2. They get every text i send and recieve on the bill. They know everything going on in my life and how my friends are.
3. Grades. Therapy. "Loss of privaleges" these are all threats that im given when i do something wrong. At the beginning of my 8th grade year, i did not want to be put in all pre-a classes, but my mom told me otherwise. I was struggling in my classes and my mom had fits and cried because of my grades. I lost almost everything because of the classes i was forced to be put into. y mother even thought after me crying so much and arguing with her, that i was going to commit suicide and brought me to therapy even though suicide was definatly not in my interest.

Heres some things you need to know before you answer:
My mother has high blood pressure and has to take pills or her emotions
My dad gets drunk alot and ignores me sometimes and talks about divorce to me, and not my mom.

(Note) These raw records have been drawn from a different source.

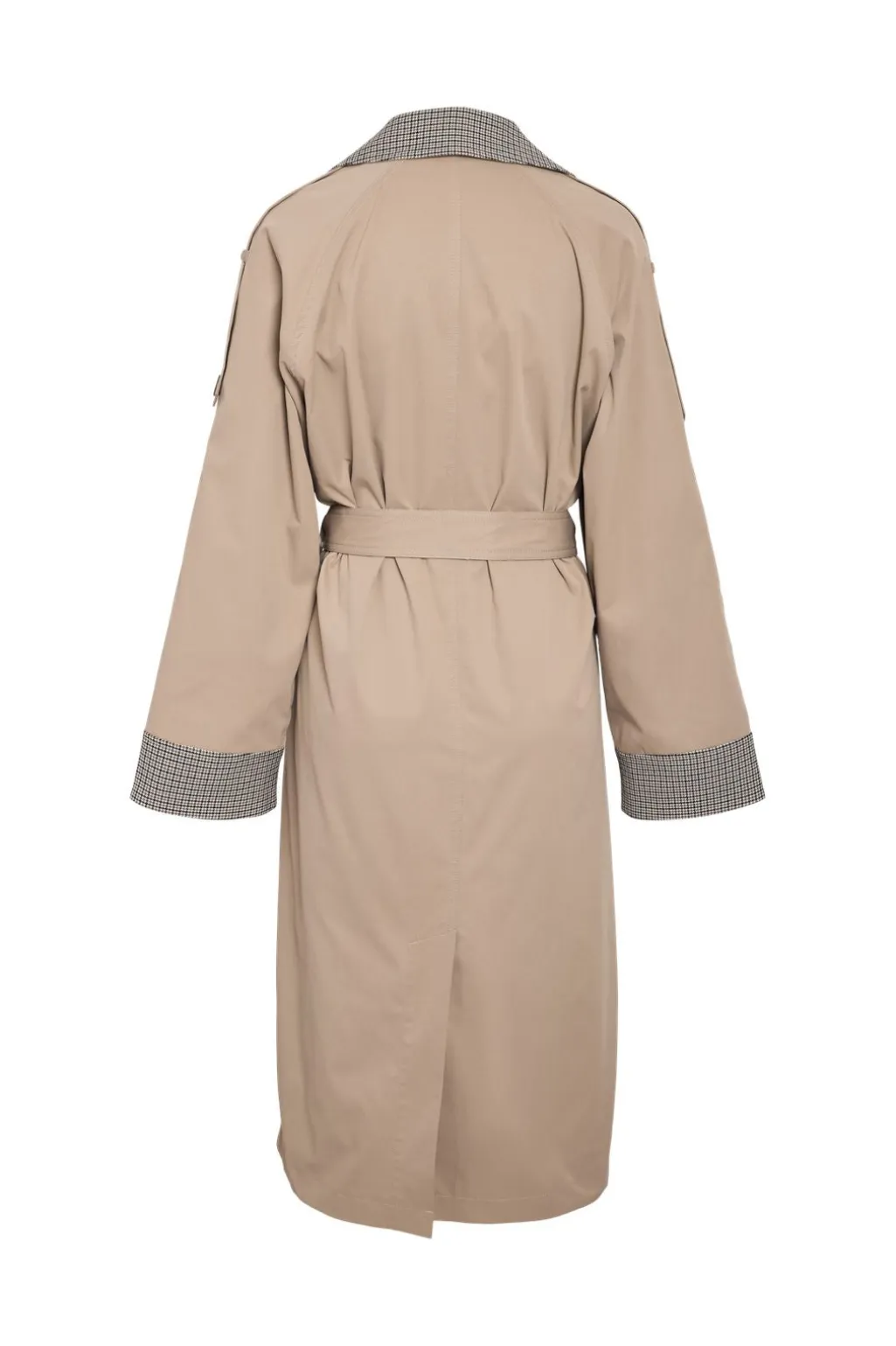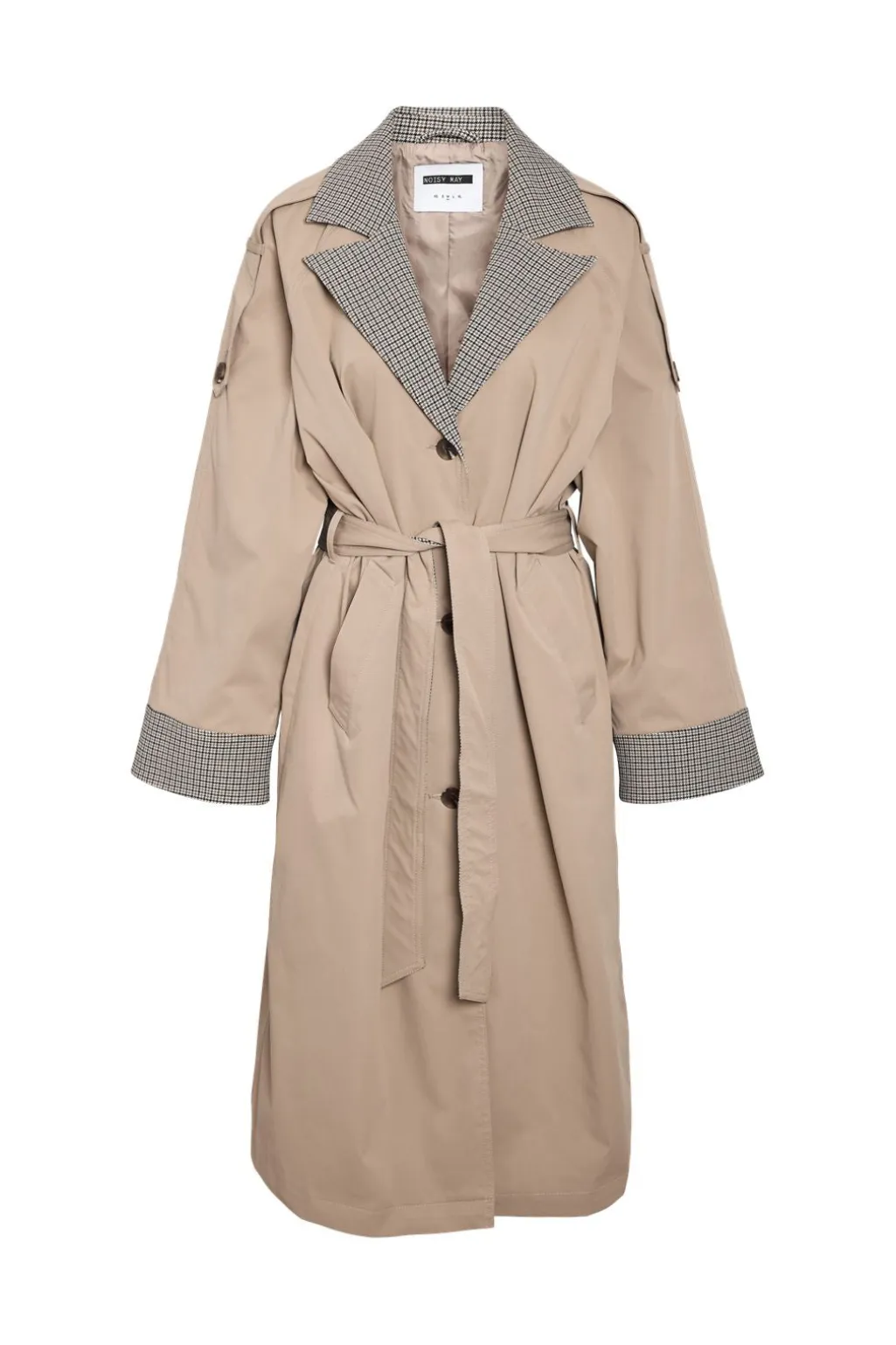 Trenchcoat fra Noisy May i beige med tern på kraven og ærmekanterne. Fremstillet af 100% polyester med en knælang længde.
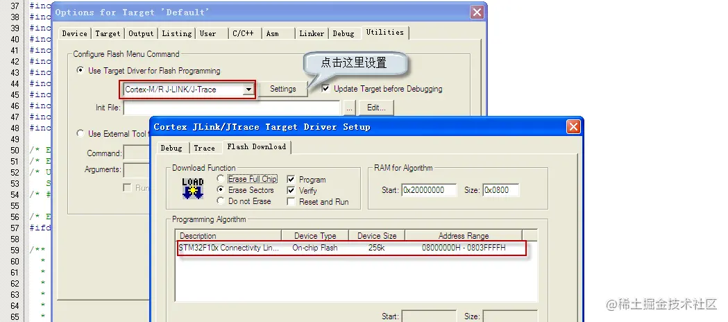 2) 点settings按钮,添加Flash编程算法,选择STM32连接型器件,Flash容量256K字节
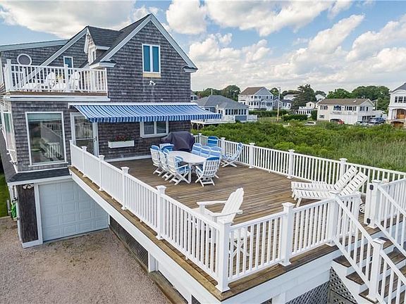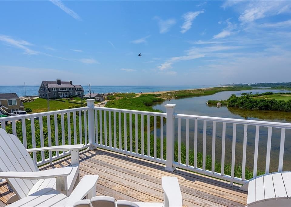 Spectacular location with unobstructed panoramic ocean and pond views from every room. This Shingle style coastal home overlooks Little Maschaug Pond and the Misquamicut Golf course with views of the Atlantic Ocean, Montauk and the Watch Hill Light House. With its open floor plan and large 33 x 20 deck this home is wonderful for entertaining. Pristine East Beach is steps from your door for enjoying a day at the beach, or for long quiet walks in the Fall. The master suite on the second floor, includes a lovely sitting area, a full bath and and sliders to a private deck to enjoy your morning coffee, while taking in the magnificent views. The second floor also includes a music loft and a large den/office with another full bath. The open floor plan on the first floor is light, bright and airy and includes The kitchen, dining area and living room with a gas fireplace. Oh, and did I mention incredible views from every room? The second master suite is located on this floor. There is a two car tandem garage on the lower level and a large storage room. Are you returning from a long day at the beach and worried about tracking sand through the house? No worries, there is a full bath and changing room on this level for your convenience. With a full car Otis elevator that stops at each level, this home has everything needed for that prefect summer or year round home.
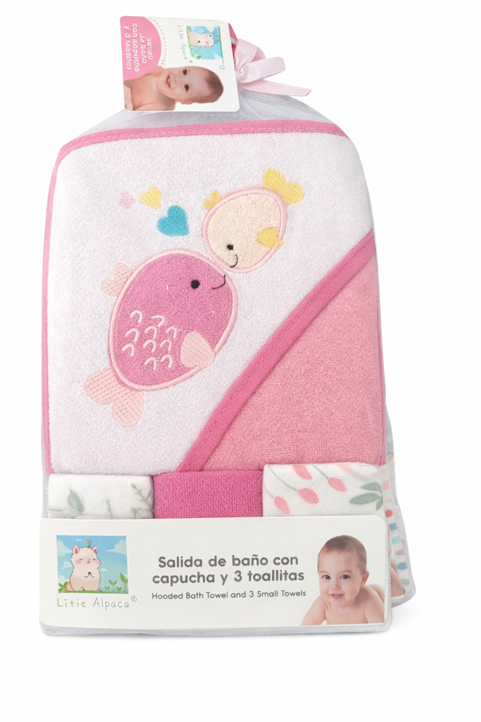 Sé el primero en valorar “Salida de Baño para Bebé con Capucha 66×76 cm + Set de 3 Toallitas 20×20 cm – Toalla Suave y Absorbente para Recién Nacidos y Bebés, peces rosa”
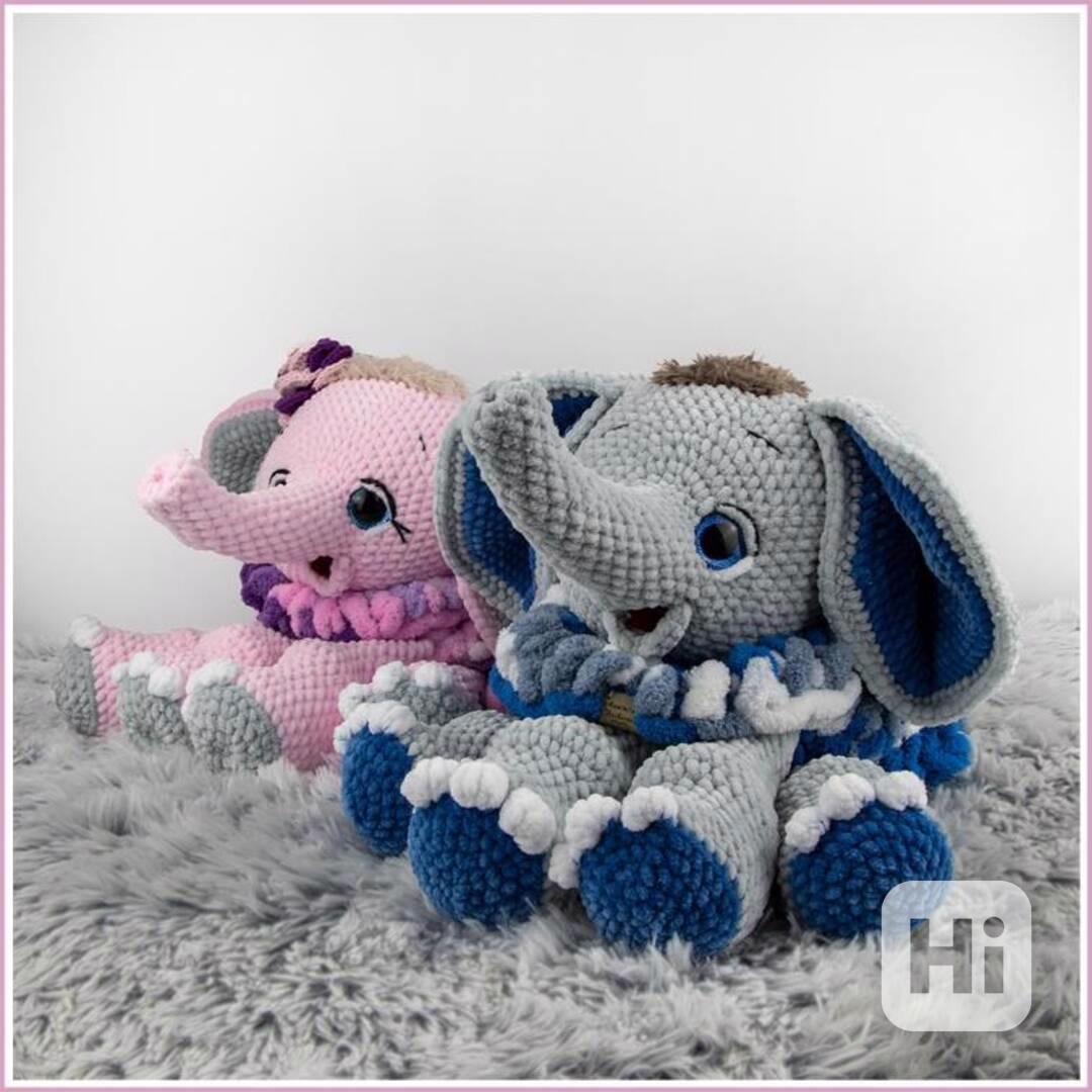 Pyžamožroutek sloník Kubík a Klárka, háčkovaní z plyšové - žinylkové vlny, velmi příjemní na pokožku. Z žinylkové vlny se dělají deky pro miminka do kočárku nebo do postýlky.
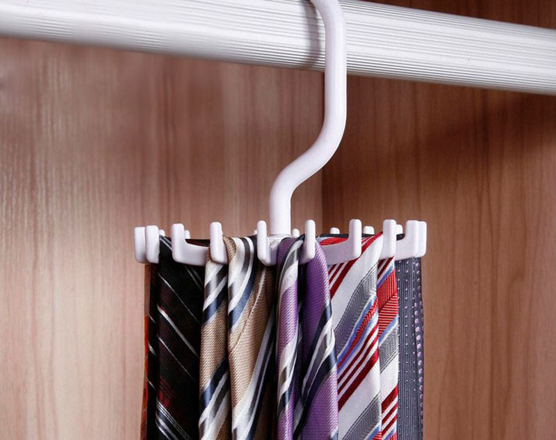 360 Degree Rotating 20 Hooks Tie Rack Belt Silk Scarf Storage Organizer Portable Hanger Space Saving Wardrobe Bedroom Decor

How do i talk to my mother without her getting mad or sad or whatever? ive tried before but it always seems to be "my fault". please help!
ok so appearently instead of helping with my problem, your telling me how im wrong. You guys may think its ok, but now i feel as if i cant tell her things anymore and im starting to doubt wether i can trust her. If i tell her something that takes me alot of courage, my dad ends up finding out. And the rest of my family. And also im in nationaljunior honor society and make As and Bs, but when i say low grades i mean the B’s. I do help around the house expecially on weekends while my parents are working such as making dinner everynight, cleaning dishes, and laundry work. It just seems to me that if she’s afraid to start letting me go and wants me to stay a kid for as long as possible. Yes, she got me a cell phone at 13, but when i think of cell phones i think of more freedom, but im not getting any at all. She got me unlimited texting, but knows what they all say. Please help me instead of telling me im yng and blahh blaah.

Related Products:

Tagged with:

Filed under: Monitors

Like this post? Subscribe to my RSS feed and get loads more!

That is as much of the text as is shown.